Problem to solve =
In the records below, the relevant part opens with the line containing "มีความแข็งแรงสูงและยึดจับได้ดี ทนต่อทุกสภาพแวดล้อม ติดตั้งง่าย" and closes with the line containing "Готовые коттеджи в"; print that part exactly and only, without its pictures.

Record set =
++++++

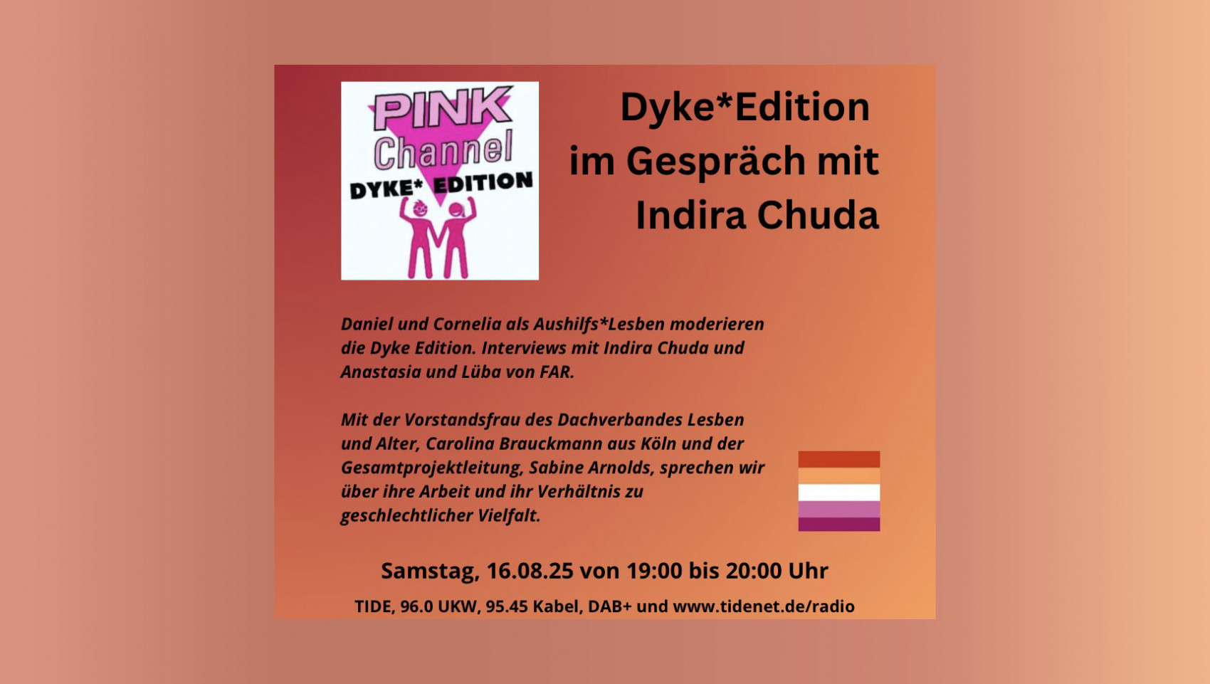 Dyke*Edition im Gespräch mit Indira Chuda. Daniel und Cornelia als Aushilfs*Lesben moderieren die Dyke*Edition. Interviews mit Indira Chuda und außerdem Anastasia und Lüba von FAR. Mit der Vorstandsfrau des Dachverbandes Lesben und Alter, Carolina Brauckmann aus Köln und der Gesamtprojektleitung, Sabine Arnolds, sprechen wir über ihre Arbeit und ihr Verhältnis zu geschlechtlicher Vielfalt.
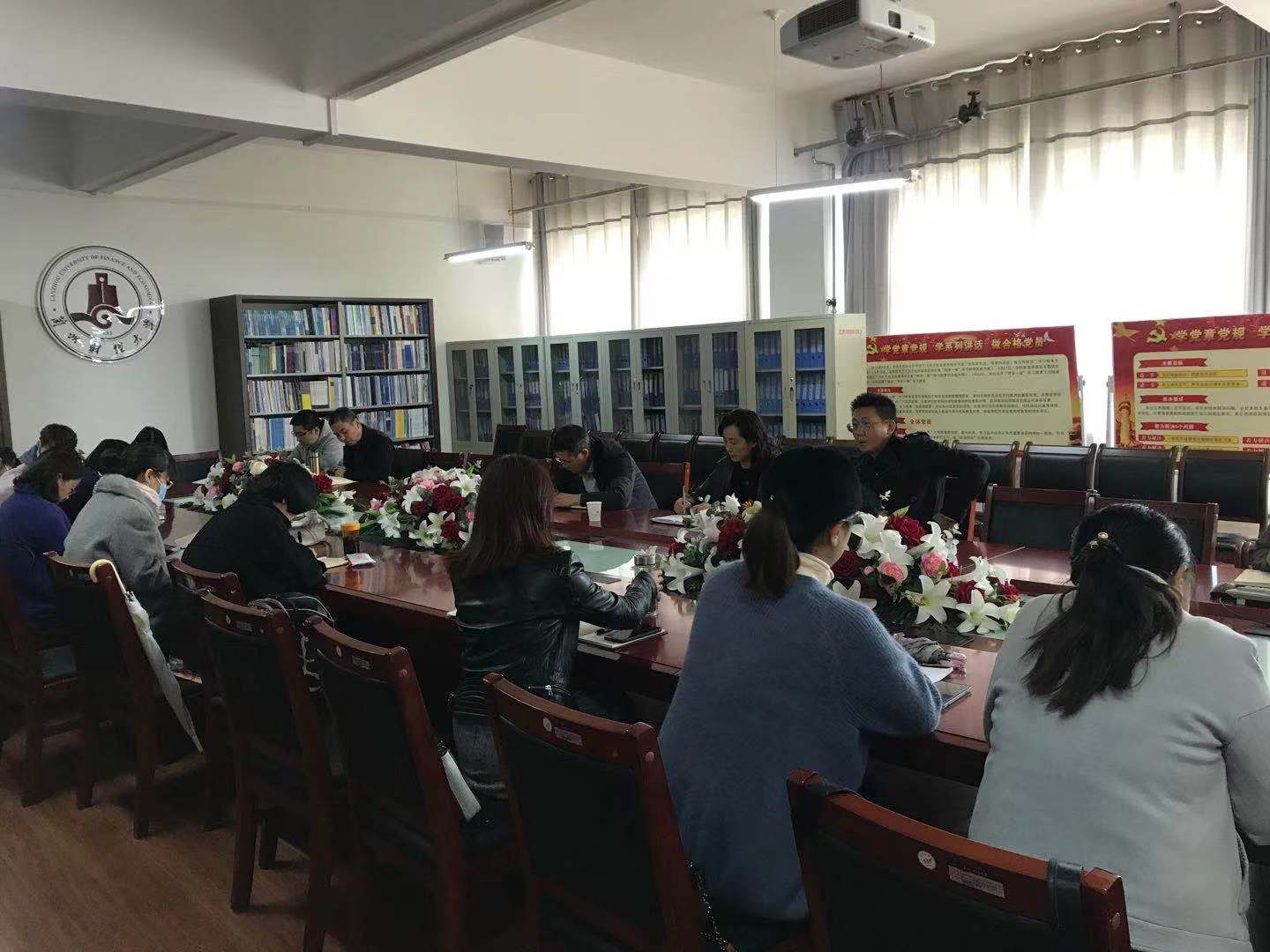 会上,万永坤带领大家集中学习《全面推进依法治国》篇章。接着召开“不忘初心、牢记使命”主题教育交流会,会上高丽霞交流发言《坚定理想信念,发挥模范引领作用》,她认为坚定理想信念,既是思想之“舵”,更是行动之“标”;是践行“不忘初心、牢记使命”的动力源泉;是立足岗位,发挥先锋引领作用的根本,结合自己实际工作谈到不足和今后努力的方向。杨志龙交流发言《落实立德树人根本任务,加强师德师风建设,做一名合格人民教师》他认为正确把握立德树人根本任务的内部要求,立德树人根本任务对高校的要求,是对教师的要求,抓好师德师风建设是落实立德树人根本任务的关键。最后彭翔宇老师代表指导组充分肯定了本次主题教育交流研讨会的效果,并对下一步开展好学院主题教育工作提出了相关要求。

++++++

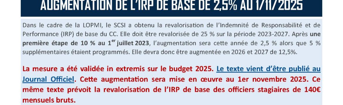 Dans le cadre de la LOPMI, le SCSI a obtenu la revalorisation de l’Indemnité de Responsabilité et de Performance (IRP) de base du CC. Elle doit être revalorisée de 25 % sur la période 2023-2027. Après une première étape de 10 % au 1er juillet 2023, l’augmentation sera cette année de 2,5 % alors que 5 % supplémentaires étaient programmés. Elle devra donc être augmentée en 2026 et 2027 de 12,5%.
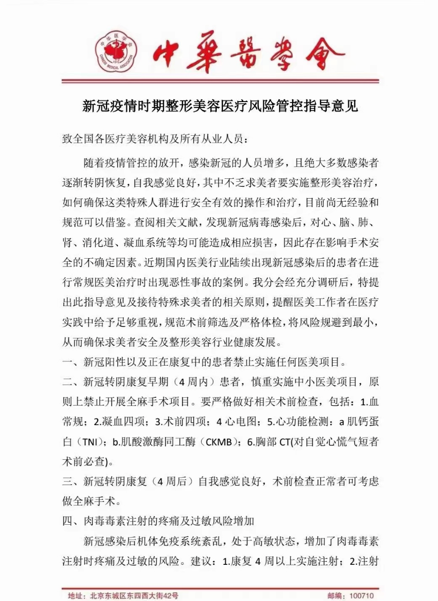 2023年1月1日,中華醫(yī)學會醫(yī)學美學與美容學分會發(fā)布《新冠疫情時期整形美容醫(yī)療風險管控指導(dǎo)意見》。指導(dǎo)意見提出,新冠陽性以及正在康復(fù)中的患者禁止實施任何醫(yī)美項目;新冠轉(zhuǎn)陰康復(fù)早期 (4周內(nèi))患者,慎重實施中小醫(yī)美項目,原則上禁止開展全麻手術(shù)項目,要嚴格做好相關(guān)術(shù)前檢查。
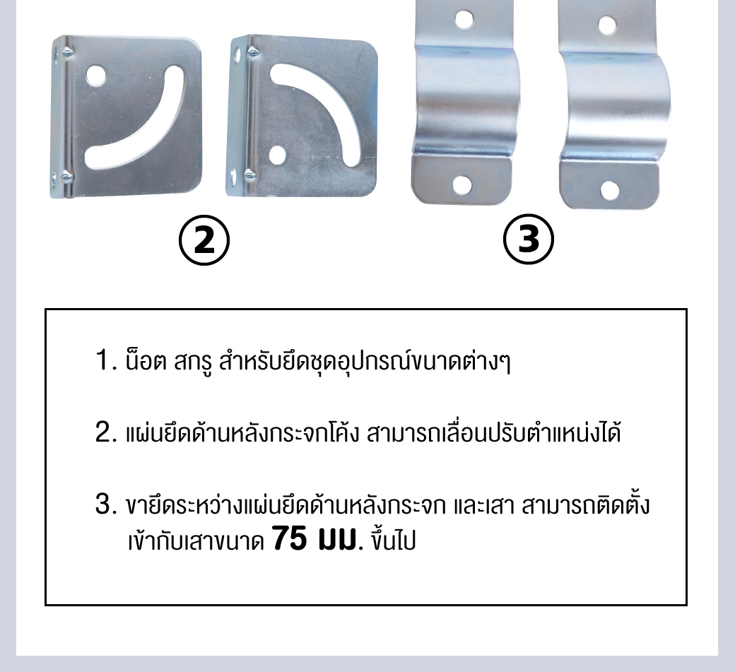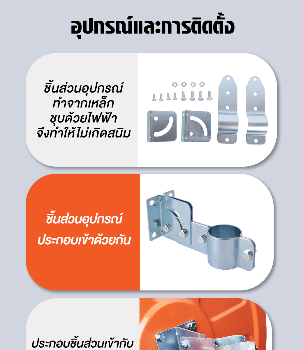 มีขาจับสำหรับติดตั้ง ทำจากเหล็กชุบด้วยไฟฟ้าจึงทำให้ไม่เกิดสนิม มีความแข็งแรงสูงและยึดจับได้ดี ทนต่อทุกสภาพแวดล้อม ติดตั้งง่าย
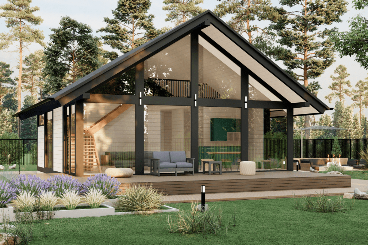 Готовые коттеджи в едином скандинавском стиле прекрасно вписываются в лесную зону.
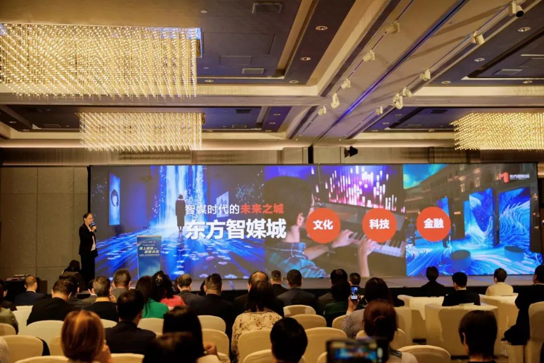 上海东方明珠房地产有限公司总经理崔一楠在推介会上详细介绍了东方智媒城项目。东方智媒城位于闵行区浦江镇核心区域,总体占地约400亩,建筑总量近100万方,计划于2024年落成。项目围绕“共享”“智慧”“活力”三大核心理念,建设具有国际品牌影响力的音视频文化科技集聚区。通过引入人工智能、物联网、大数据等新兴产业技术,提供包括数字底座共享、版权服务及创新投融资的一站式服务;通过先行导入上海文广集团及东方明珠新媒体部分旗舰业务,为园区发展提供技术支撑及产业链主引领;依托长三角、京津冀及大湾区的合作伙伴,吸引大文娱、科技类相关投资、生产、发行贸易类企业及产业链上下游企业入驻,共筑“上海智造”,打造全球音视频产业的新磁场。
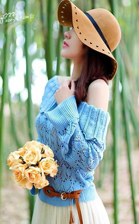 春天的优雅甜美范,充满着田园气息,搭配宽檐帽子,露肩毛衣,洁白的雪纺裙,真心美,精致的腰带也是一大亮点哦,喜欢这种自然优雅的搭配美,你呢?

++++++

Your response =
 มีขาจับสำหรับติดตั้ง ทำจากเหล็กชุบด้วยไฟฟ้าจึงทำให้ไม่เกิดสนิม มีความแข็งแรงสูงและยึดจับได้ดี ทนต่อทุกสภาพแวดล้อม ติดตั้งง่าย
 Готовые коттеджи в едином скандинавском стиле прекрасно вписываются в лесную зону.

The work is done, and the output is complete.